For more on founder operating systems and venture readiness, see our blog post: Capitaly.vc Blog.
I map every AI x biology company against five milestones.
This is the shortest path I know from idea to revenue-grade production.
I keep the bar simple at each step.
Can you prove a unit model, validate cost curves, and show repeatability.
Can you show data density per dollar and time-to-learning improving each month.
That is the heartbeat of an AI-first bio company.
I see many teams underestimating dataset design and overestimating off-the-shelf models.
Your edge is not just the model but the dataset you can generate repeatedly under controlled conditions.
I plan these datasets like products.
Each has a schema, metadata, controls, and a path to become a reusable asset.
Labeling quality and experimental confounders will make or break your model performance.
For more on structuring data for venture-grade progress, see our blog post: Capitaly.vc Blog.
I start with throughput and control, not fancy robots.
If you double your design cycles per week, you double your learning velocity.
Automation is about cutting human-in-the-loop variance and latency.
I aim for a 48-hour DBTL cycle for enzymes and 7 to 14 days for strain improvements early on.
That speed compounds into data density and better models.
I recommend putting automation dollars where the hands are bleeding today.
Start with the top three repetitive steps causing delays or errors.
Measure ROI by time saved, variability reduced, and experiments per week.

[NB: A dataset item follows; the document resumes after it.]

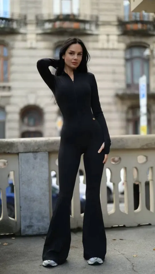 Kadın Uzun Kollu Balıkçı Yaka Fermuar Detay Ispanyol Paça Tulum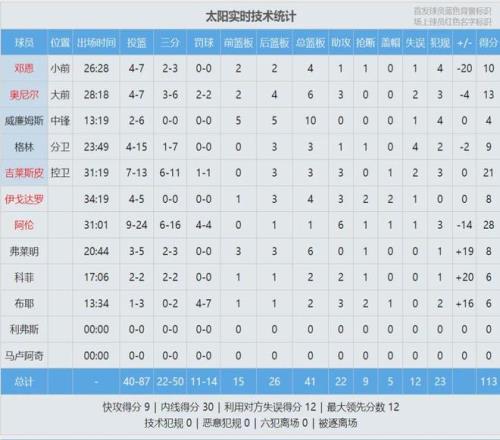 湖人替補僅得25分,太陽替補轟下56分,其中格雷森-阿倫獨得28分6助攻,一個人摧毀了湖人板凳席。太陽榜眼傑倫-格林手感冰涼:投籃15中4,三分7中1,僅得9分3籃板1助攻1搶斷4失誤。最近4場比賽,格林三分球合計33中5!

A lean stack with an Opentrons, a plate reader, an incubator shaker, and barcode tracking can generate outsized returns if aligned with your DBTL loop.
Do not buy robots you cannot program or maintain.
I use cloud labs to de-risk capex and to standardize workflows.
Cloud facilities like Emerald Cloud Lab and Strateos can compress time to data when I have clear protocols and acceptance criteria.
I still validate critical steps in-house to keep IP knowledge and edge cases close.
Think of cloud labs as elastic capacity for methods that are already locked.
When your process is still moving targets, in-house control often wins.
I treat protein language models, structure prediction, and diffusion models as senior interns, not oracles.
They are fast and creative, but they need a manager called the wet lab.
Use ESM-style embeddings, AlphaFold-style structure, and generative models to propose candidates.
Then couple that to rigorous screening and negative controls.
The same logic applies to metabolic pathway design and regulatory sequences.
Foundation models are multipliers when coupled with thoughtful priors and Bayesian updates.
I set up active learning early, even with small datasets.
A simple loop of propose, test, update, and repeat lowers the number of experiments needed to reach a target.
Make the optimizer a product feature, not a research project.
Show investors you learn faster than peers, not just that you can run more plates.
I build a digital twin at the 1 to 5 liter stage with mass balances and kinetic models, and I update it weekly.
It does not need to be perfect, but it must be useful.
The twin informs feed strategies, oxygen transfer, and scale-down models.
Link it to your PAT signals like Raman and off-gas, and you will prevent failures later.
A rough but updated twin beats a glossy model that never touches reality.
I recommend a scale-up ladder that proves transferability before you order expensive steel.
Use scale-down models to mimic large-vessel gradients and test worst cases.
Build a transfer package with clear CPPs, CQAs, and acceptable ranges.
That package is your passport to any CDMO or internal plant.
I think of QbD as a live model with guardrails.
It is not a PDF.
Your software should map inputs, parameters, and outputs to product quality in real time.
Put alarms and playbooks on top of that map so operators know what to do when drift happens.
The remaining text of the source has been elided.